**Problem**
Once you reach the line with "Strapless Floral Satin" in the material below, copy each line exactly up to and including the line with "This Coffee Cake", and skip the pictures.

• • •

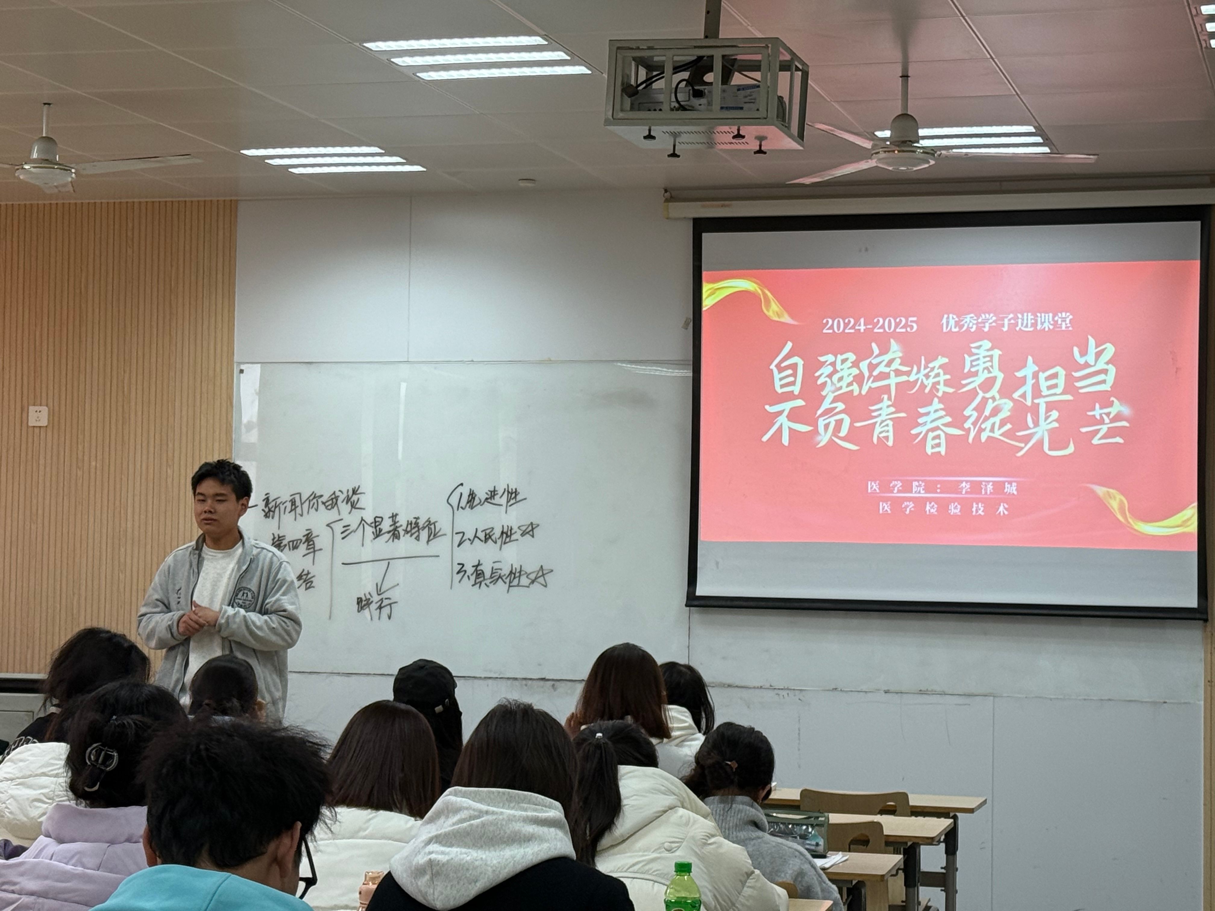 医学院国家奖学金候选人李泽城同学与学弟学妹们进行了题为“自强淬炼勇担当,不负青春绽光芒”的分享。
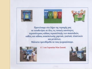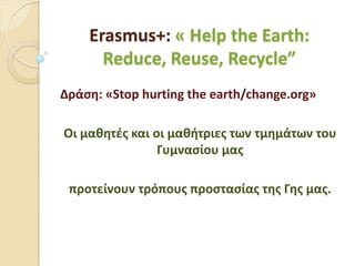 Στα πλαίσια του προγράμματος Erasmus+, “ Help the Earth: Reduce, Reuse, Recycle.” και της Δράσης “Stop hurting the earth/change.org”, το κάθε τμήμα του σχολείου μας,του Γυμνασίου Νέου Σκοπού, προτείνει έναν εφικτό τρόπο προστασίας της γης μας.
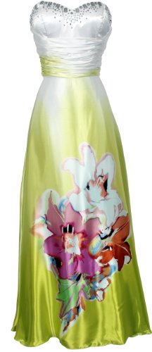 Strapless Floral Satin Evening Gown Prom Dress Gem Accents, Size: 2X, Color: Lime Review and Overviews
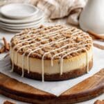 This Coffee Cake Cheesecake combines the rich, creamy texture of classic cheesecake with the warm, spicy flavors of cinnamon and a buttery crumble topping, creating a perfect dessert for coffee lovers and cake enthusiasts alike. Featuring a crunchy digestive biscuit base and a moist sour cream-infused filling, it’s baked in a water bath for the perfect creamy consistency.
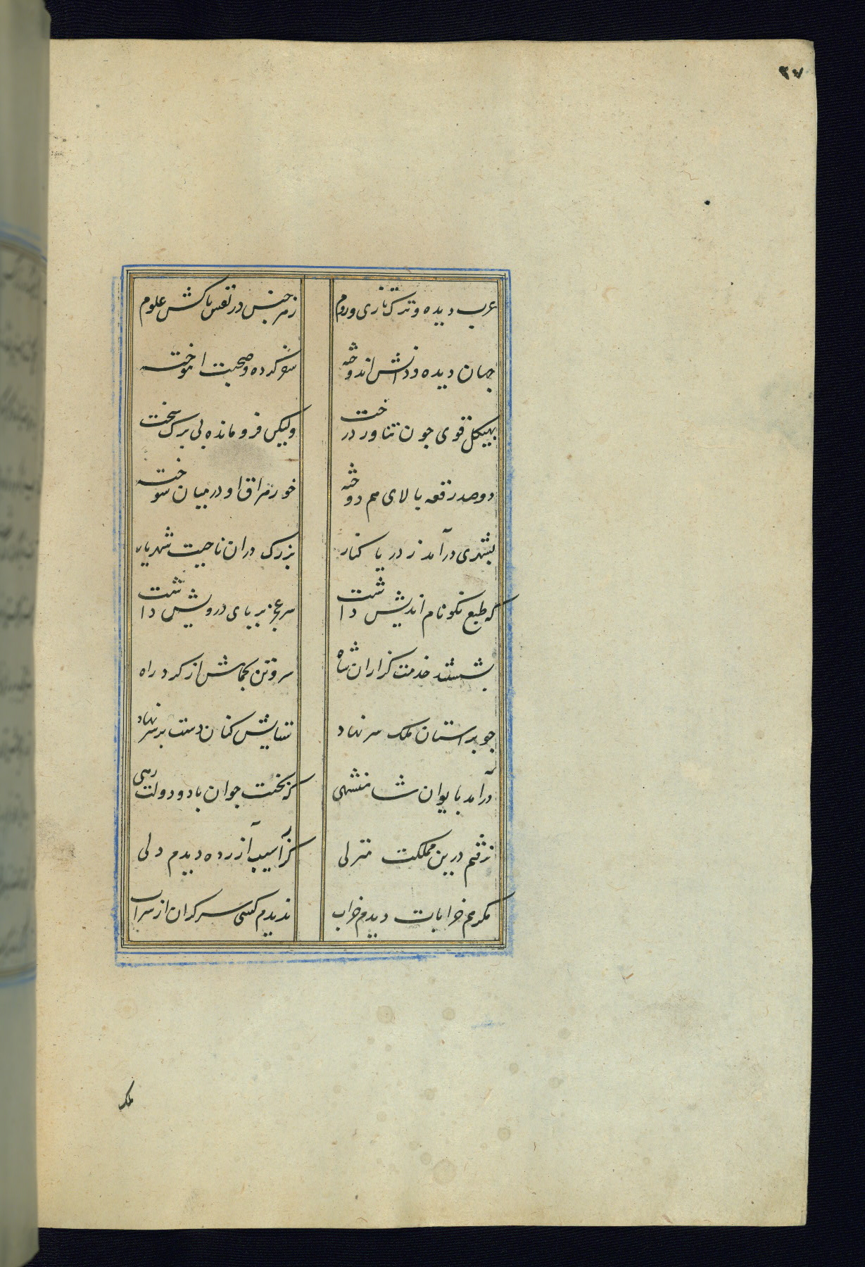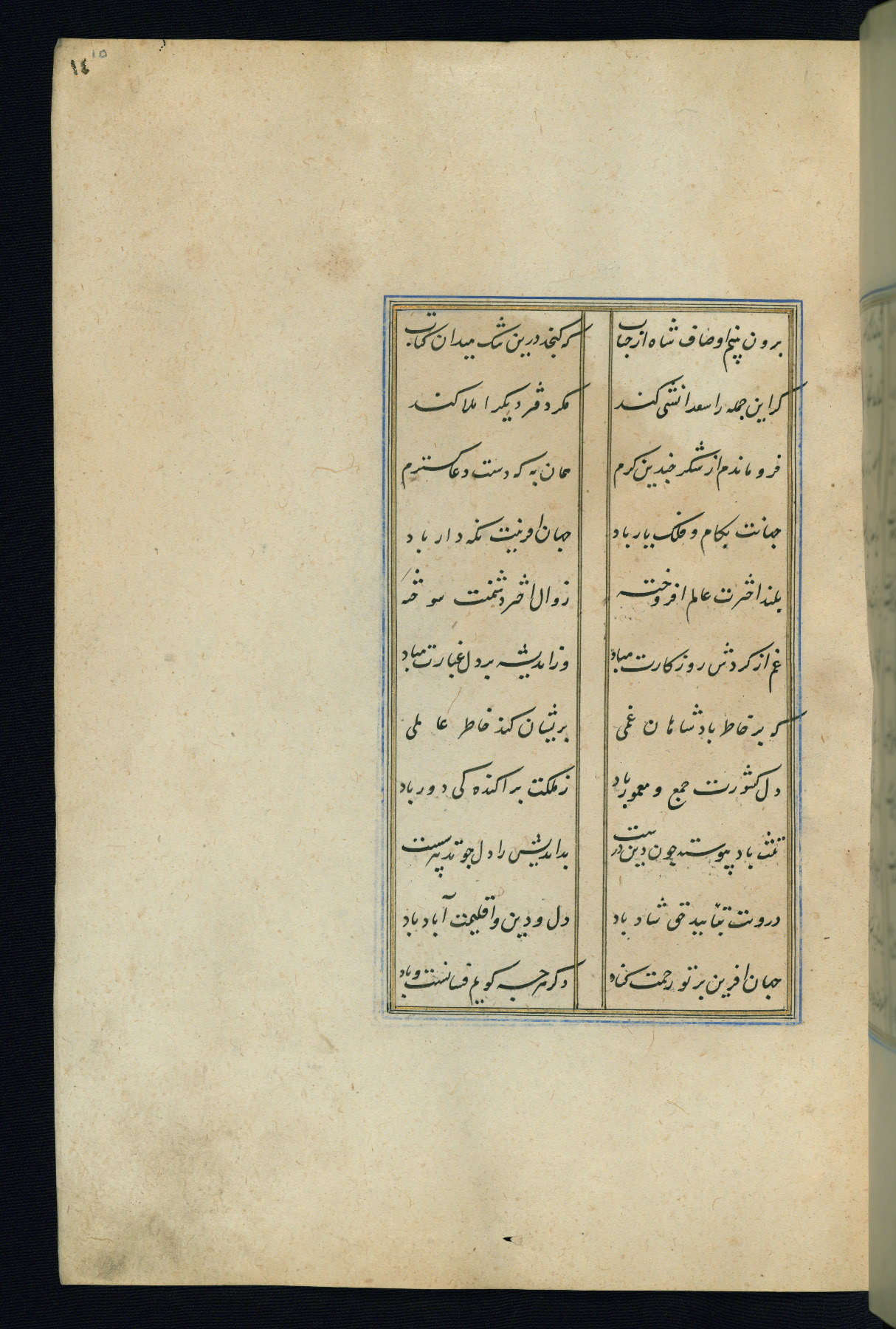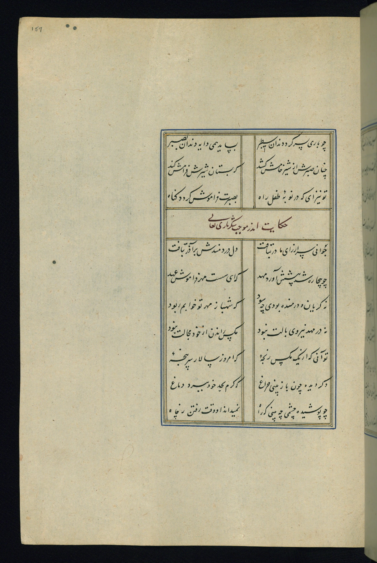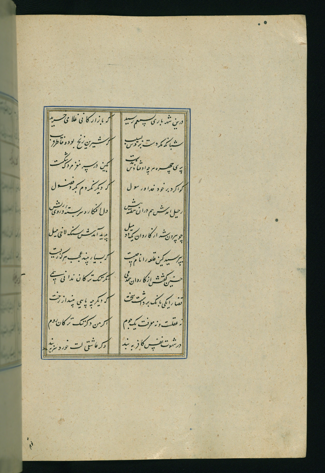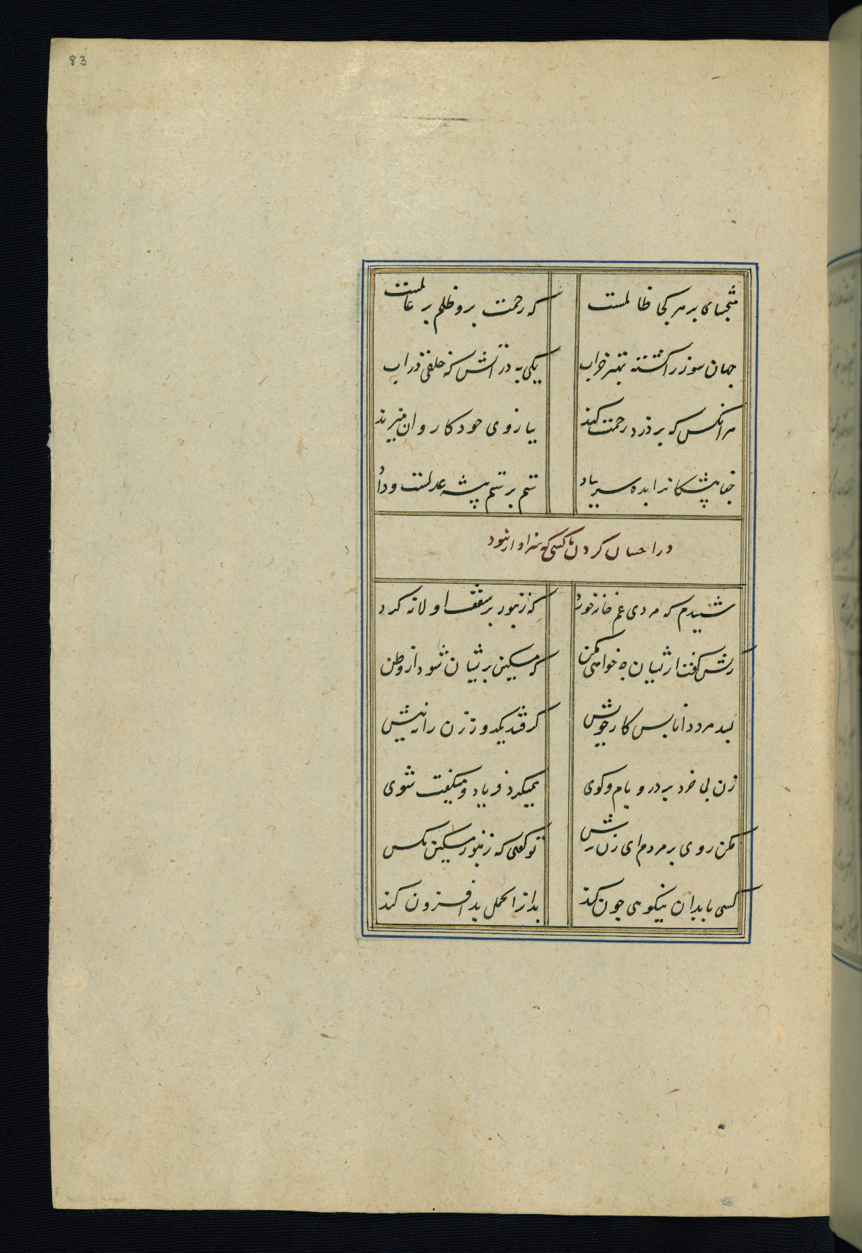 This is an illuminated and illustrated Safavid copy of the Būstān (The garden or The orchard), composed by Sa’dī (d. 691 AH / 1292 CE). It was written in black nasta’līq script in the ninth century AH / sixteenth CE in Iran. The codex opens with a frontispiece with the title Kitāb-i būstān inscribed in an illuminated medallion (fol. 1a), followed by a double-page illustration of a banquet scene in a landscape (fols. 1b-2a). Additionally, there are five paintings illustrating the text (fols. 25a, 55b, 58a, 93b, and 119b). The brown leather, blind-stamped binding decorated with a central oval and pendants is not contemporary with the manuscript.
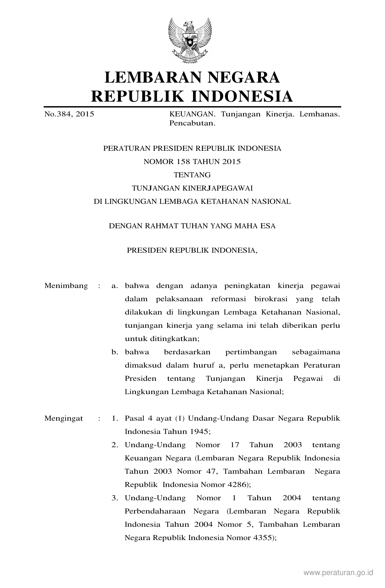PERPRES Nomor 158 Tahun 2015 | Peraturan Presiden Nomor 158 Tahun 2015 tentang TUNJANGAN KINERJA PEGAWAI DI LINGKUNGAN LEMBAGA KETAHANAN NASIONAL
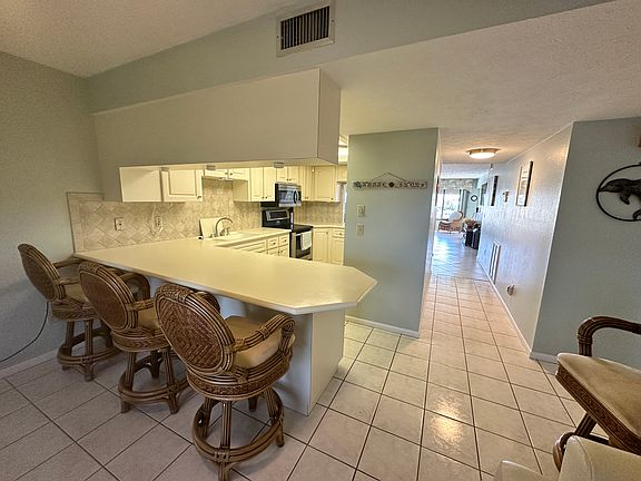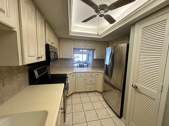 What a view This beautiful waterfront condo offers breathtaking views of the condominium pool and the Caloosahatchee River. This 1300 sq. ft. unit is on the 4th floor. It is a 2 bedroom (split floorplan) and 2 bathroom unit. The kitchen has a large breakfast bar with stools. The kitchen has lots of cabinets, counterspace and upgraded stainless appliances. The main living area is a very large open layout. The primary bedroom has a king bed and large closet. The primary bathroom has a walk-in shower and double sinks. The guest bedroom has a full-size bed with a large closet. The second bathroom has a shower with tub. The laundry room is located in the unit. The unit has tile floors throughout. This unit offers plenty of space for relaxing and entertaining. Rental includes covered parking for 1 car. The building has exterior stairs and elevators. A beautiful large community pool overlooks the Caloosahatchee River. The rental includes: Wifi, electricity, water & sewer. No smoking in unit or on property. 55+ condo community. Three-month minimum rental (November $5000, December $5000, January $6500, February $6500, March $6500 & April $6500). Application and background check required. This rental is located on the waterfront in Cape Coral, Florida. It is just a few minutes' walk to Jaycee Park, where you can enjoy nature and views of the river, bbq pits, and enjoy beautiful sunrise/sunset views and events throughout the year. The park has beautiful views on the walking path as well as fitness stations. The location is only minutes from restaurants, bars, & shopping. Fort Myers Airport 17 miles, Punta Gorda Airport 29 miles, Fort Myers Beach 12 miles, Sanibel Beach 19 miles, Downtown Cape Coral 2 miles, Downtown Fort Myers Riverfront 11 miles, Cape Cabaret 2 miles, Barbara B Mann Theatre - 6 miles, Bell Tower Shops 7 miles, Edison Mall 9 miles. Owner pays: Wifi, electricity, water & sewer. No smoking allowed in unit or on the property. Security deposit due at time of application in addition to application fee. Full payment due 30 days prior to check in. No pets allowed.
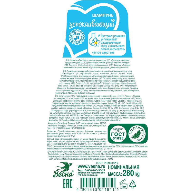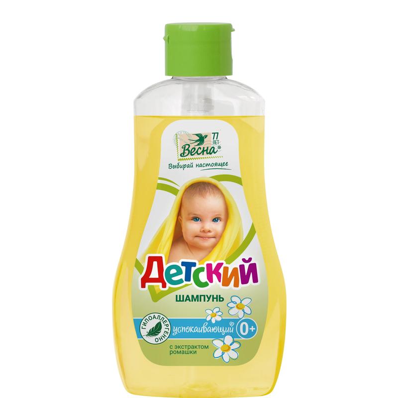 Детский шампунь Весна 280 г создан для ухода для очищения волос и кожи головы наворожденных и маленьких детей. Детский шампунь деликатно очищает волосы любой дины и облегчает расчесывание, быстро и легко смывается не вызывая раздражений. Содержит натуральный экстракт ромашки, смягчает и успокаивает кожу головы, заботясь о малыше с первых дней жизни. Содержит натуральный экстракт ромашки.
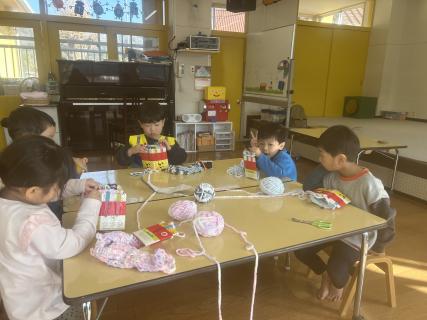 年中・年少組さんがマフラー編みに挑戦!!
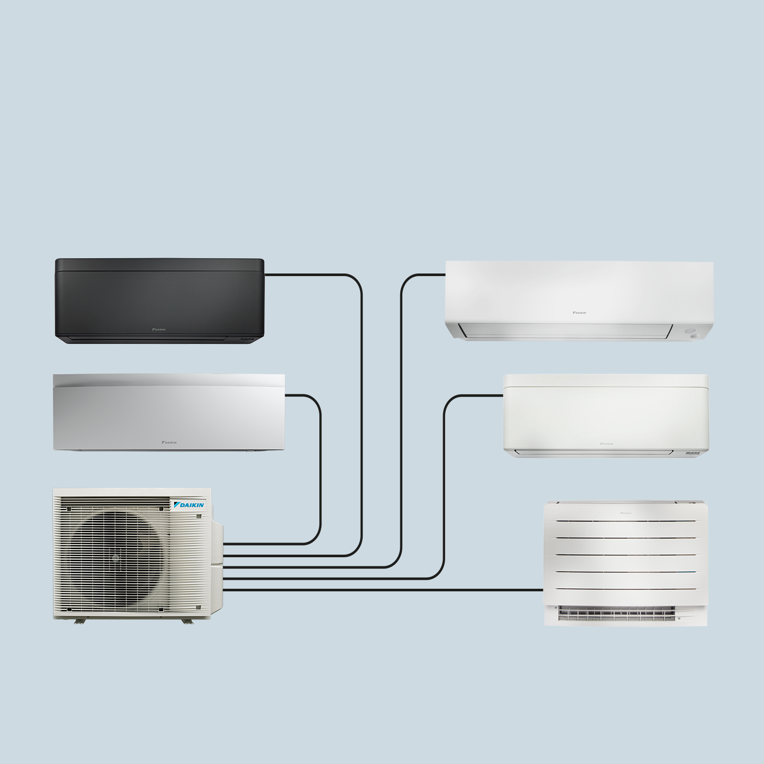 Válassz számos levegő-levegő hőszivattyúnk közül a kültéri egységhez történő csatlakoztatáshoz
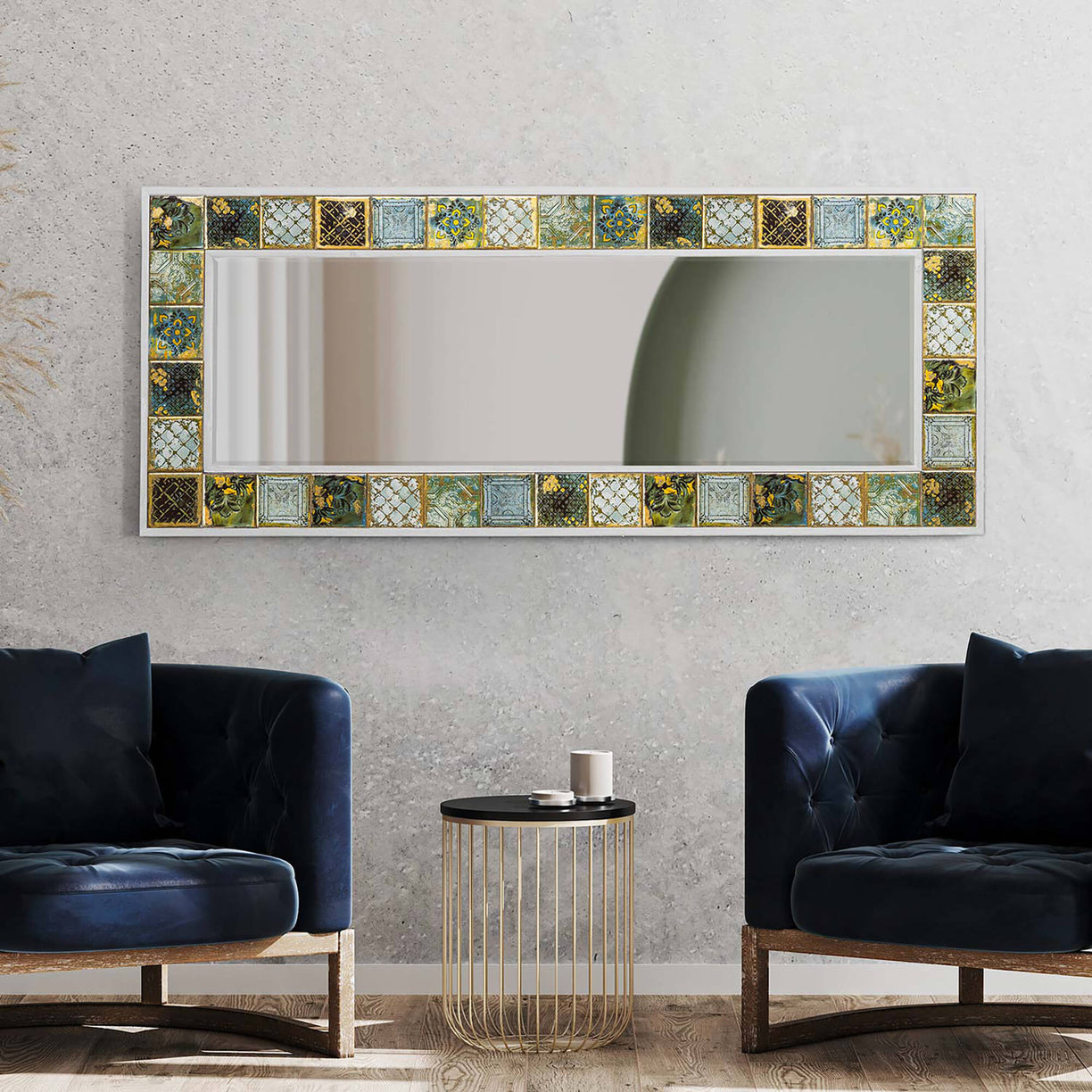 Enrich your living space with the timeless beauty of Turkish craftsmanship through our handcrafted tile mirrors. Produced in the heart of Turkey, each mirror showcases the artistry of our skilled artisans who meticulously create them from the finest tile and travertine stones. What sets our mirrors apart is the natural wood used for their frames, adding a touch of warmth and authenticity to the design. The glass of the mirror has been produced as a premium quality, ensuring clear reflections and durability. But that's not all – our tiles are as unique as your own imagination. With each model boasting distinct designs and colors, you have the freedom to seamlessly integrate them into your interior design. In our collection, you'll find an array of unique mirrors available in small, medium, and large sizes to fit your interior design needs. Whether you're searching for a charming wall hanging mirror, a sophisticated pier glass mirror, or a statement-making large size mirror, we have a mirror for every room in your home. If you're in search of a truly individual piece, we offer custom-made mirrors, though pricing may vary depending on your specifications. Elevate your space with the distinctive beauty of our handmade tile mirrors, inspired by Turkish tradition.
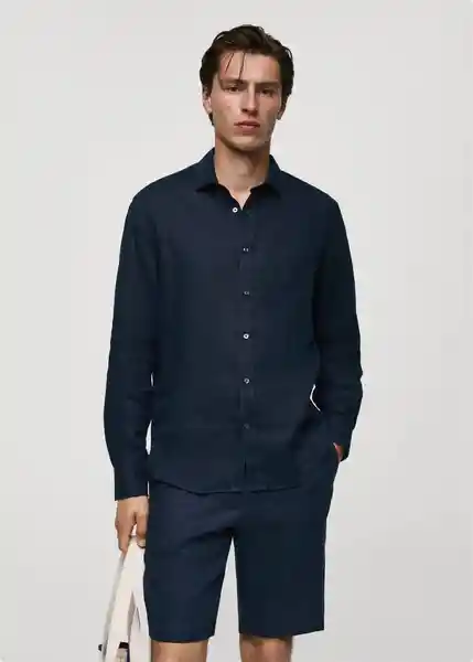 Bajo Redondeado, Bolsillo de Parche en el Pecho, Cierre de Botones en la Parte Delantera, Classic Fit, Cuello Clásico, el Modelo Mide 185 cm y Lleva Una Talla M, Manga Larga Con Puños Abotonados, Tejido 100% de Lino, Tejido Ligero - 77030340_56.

• • •

**Response**
 Strapless Floral Satin Evening Gown Prom Dress Gem Accents, Size: 2X, Color: Lime Review and Overviews
 This Coffee Cake Cheesecake combines the rich, creamy texture of classic cheesecake with the warm, spicy flavors of cinnamon and a buttery crumble topping, creating a perfect dessert for coffee lovers and cake enthusiasts alike. Featuring a crunchy digestive biscuit base and a moist sour cream-infused filling, it’s baked in a water bath for the perfect creamy consistency.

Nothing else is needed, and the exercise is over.